WHAT IS EXPECTED
Copy the data exactly, pictures aside.

EXTRACTED INFORMATION

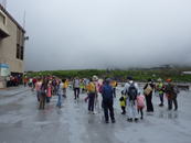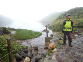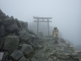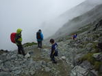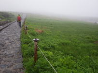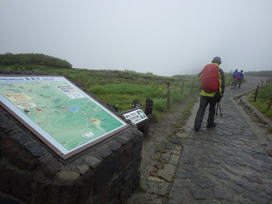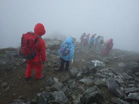 雷鳴は轟き視界は不良 13時23分 雨、霧、雲、そして雷まで・・・。さっきまでのお天気はいったいどこへ行ったのだろう? 雷鳴轟く中、必死に下った。雨で登山道はとても滑りやすくなっている。 団体登山者の渋滞に巻き込まれ、なかなか前に進まない。子供たちも悪条件の中、我慢して歩いている。とにかく滑って転ばないように注意して下山した。 |
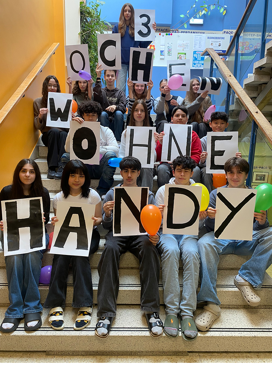 Im BE-Saal gab es noch einmal die Gelegenheit, sich von den Handys zu verabschieden – die letzten Videos wurden gedreht, die letzten Snaps verschickt, ein letztes Tippen, ein letztes Lächeln. Dann der Countdown … und mit einem gemeinsamen Moment wurden die Handys ausgeschaltet.
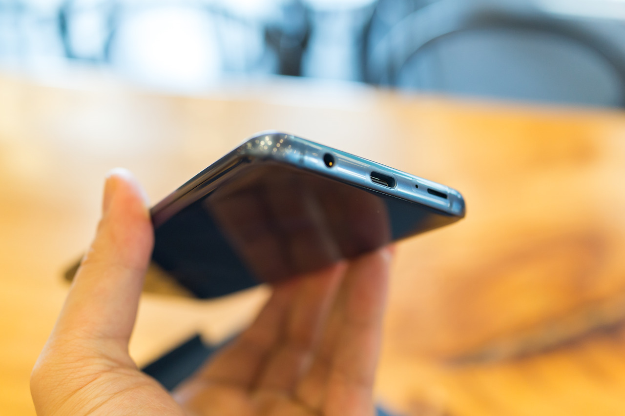 기본 구성품으로 본체 아래쪽에 USB 커넥터, 충전 어댑터, 충전 케이블, 번들 이어폰, 이어팁이 포함되어 있습니다.
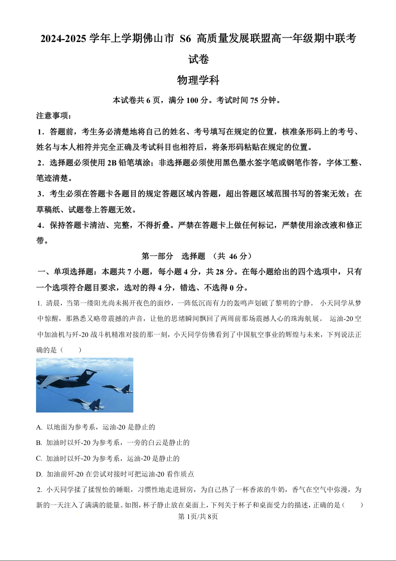 广东省佛山市S6高质量发展联盟2024-2025学年高一上学期期中联考物理(原卷版)
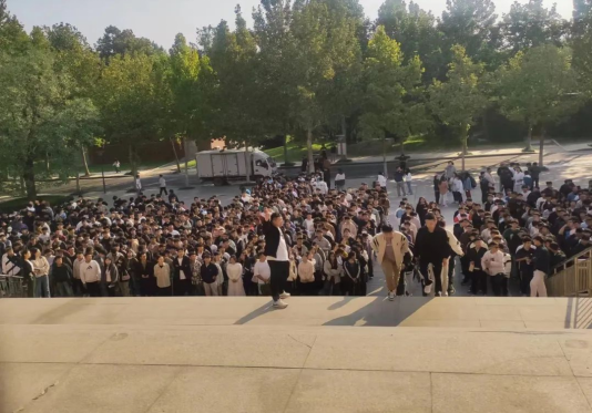北校区新生认真听取讲解
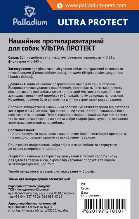 Нашийник для собак Ultra Protect - інсектоакарицидний препарат, який призначений для знищення бліх і іксодових кліщів, що паразитують на собаках, а також для захисту від їх нападу.

RESULT OF THIS TASK
 雷鳴は轟き視界は不良 13時23分 雨、霧、雲、そして雷まで・・・。さっきまでのお天気はいったいどこへ行ったのだろう? 雷鳴轟く中、必死に下った。雨で登山道はとても滑りやすくなっている。 団体登山者の渋滞に巻き込まれ、なかなか前に進まない。子供たちも悪条件の中、我慢して歩いている。とにかく滑って転ばないように注意して下山した。 |
 Im BE-Saal gab es noch einmal die Gelegenheit, sich von den Handys zu verabschieden – die letzten Videos wurden gedreht, die letzten Snaps verschickt, ein letztes Tippen, ein letztes Lächeln. Dann der Countdown … und mit einem gemeinsamen Moment wurden die Handys ausgeschaltet.
 기본 구성품으로 본체 아래쪽에 USB 커넥터, 충전 어댑터, 충전 케이블, 번들 이어폰, 이어팁이 포함되어 있습니다.
 广东省佛山市S6高质量发展联盟2024-2025学年高一上学期期中联考物理(原卷版)
北校区新生认真听取讲解
 Нашийник для собак Ultra Protect - інсектоакарицидний препарат, який призначений для знищення бліх і іксодових кліщів, що паразитують на собаках, а також для захисту від їх нападу.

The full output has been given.